*** Data extracts ***

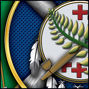 Here's your design with finishing effects, along with a few closeups, and a view of the logo without flames. The maltese and axe handles now have a woodgrain texture, including the white handles that cross the center. The maltese has an outer glow from the fire. The green maltese has a subtle stress texture, and the pipes and drum elements have been embossed and shadowed. The central elements also have embooss and shadow and we've added gold trim rings. The white banners have a painted wooden appearance with sunken letters. The closeups show the flames that envelop the edges of the design. The earlier mockups are posted below. | ||
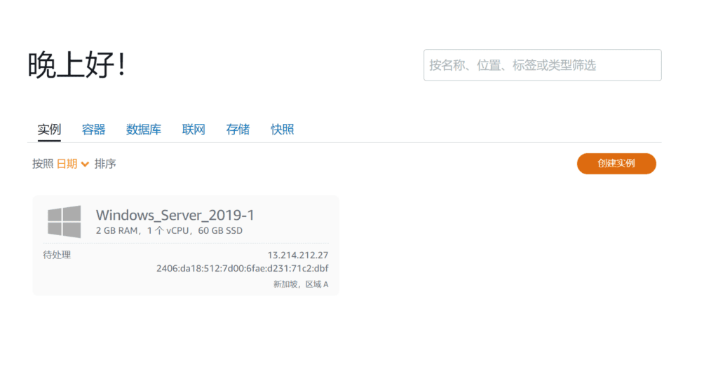 实例状态为“待处理”表示正在为您创建Lightsail实例。
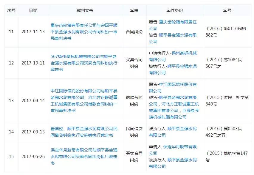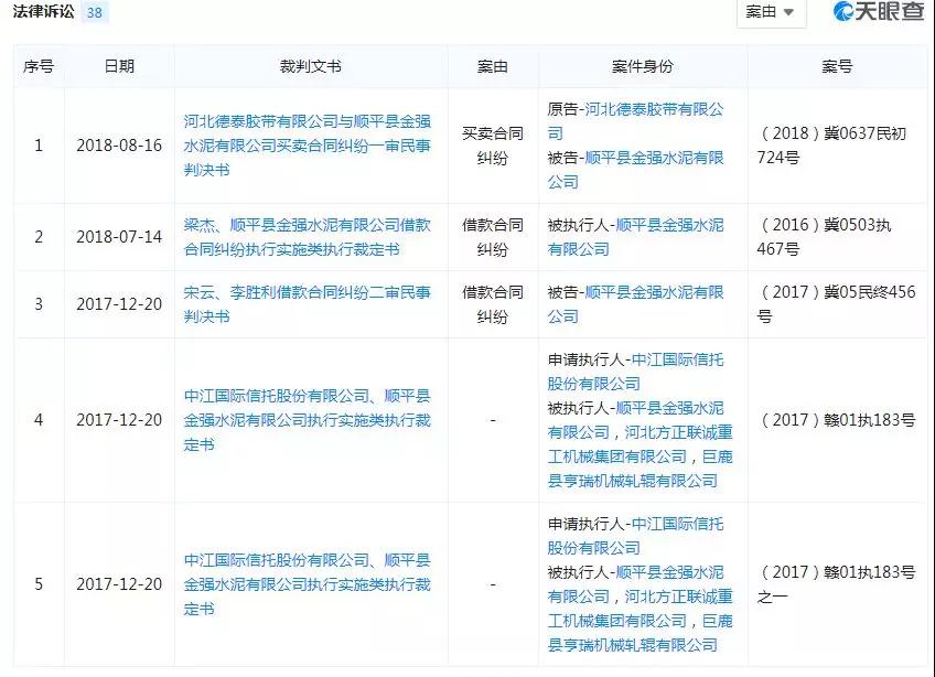金強水泥投產后,似乎其發展之路并不平坦,曲折坎坷,先是2015年爆出股權轉讓京蘭水泥,后是法律訴訟案件不斷,官司纏身!相關資料顯示僅2017-2018就涉及15起法律訴訟。
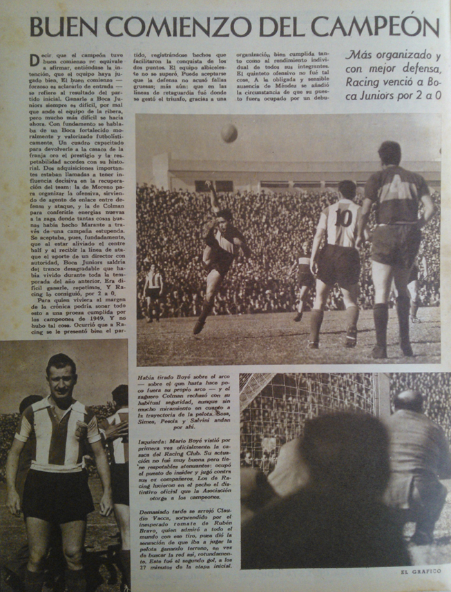 1950- PD. Fecha 1. Racing 2-0 Boca. Debut de Mario Boyé en Racing y José Manuel Moreno en Boca, solo pudo jugar un tiempo y se retiró lesionado. Los goles fueron de Juan Salvini y Rubén Bravo.
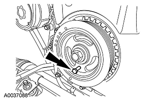 2. NOTICE: Do not loosen or remove the crankshaft pulley bolt without first installing the special tools as instructed in the crankshaft pulley procedure. The crankshaft pulley and the crankshaft timing sprocket are not keyed to the crankshaft. The crankshaft, the crankshaft sprocket and the pulley are fitted together by friction, using diamond washers between the flange faces on each part. For that reason, the crankshaft sprocket is also unfastened if the pulley bolt is loosened. Before any repair requiring loosening or removal of the crankshaft pulley bolt, the crankshaft and camshafts must be locked in place by the special tools, otherwise severe engine damage can occur.

*** End of Data extracts ***

# Work instructions:
Each line of the material is to be output exactly. Images are not part of the expected output.

# Answer to this task:
 Here's your design with finishing effects, along with a few closeups, and a view of the logo without flames. The maltese and axe handles now have a woodgrain texture, including the white handles that cross the center. The maltese has an outer glow from the fire. The green maltese has a subtle stress texture, and the pipes and drum elements have been embossed and shadowed. The central elements also have embooss and shadow and we've added gold trim rings. The white banners have a painted wooden appearance with sunken letters. The closeups show the flames that envelop the edges of the design. The earlier mockups are posted below. | ||
 实例状态为“待处理”表示正在为您创建Lightsail实例。
金強水泥投產后,似乎其發展之路并不平坦,曲折坎坷,先是2015年爆出股權轉讓京蘭水泥,后是法律訴訟案件不斷,官司纏身!相關資料顯示僅2017-2018就涉及15起法律訴訟。
 1950- PD. Fecha 1. Racing 2-0 Boca. Debut de Mario Boyé en Racing y José Manuel Moreno en Boca, solo pudo jugar un tiempo y se retiró lesionado. Los goles fueron de Juan Salvini y Rubén Bravo.
 2. NOTICE: Do not loosen or remove the crankshaft pulley bolt without first installing the special tools as instructed in the crankshaft pulley procedure. The crankshaft pulley and the crankshaft timing sprocket are not keyed to the crankshaft. The crankshaft, the crankshaft sprocket and the pulley are fitted together by friction, using diamond washers between the flange faces on each part. For that reason, the crankshaft sprocket is also unfastened if the pulley bolt is loosened. Before any repair requiring loosening or removal of the crankshaft pulley bolt, the crankshaft and camshafts must be locked in place by the special tools, otherwise severe engine damage can occur.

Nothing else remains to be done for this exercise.